*Activity*: Print the data that follows word for word, leaving out any picture.

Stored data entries
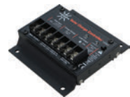
SC1220LD: 20A Charge Controller
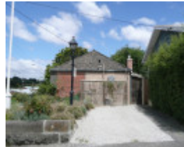
MONTROSE COTTAGE SOHE 2008
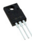
MBRF25150CTHCOG TSC (Taiwan Semiconductor) DIODE ARRAY SCHOTT 150V ITO220AB
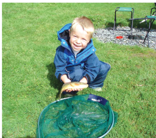
Look what I caught!

Working with the Plymouth based youth group, we enabled 80 children to sample coarse fishing over five days.
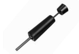
Extraction Tool Part No. 305183

*Output of the task*:
SC1220LD: 20A Charge Controller
MONTROSE COTTAGE SOHE 2008
MBRF25150CTHCOG TSC (Taiwan Semiconductor) DIODE ARRAY SCHOTT 150V ITO220AB
Look what I caught!

Working with the Plymouth based youth group, we enabled 80 children to sample coarse fishing over five days.
Extraction Tool Part No. 305183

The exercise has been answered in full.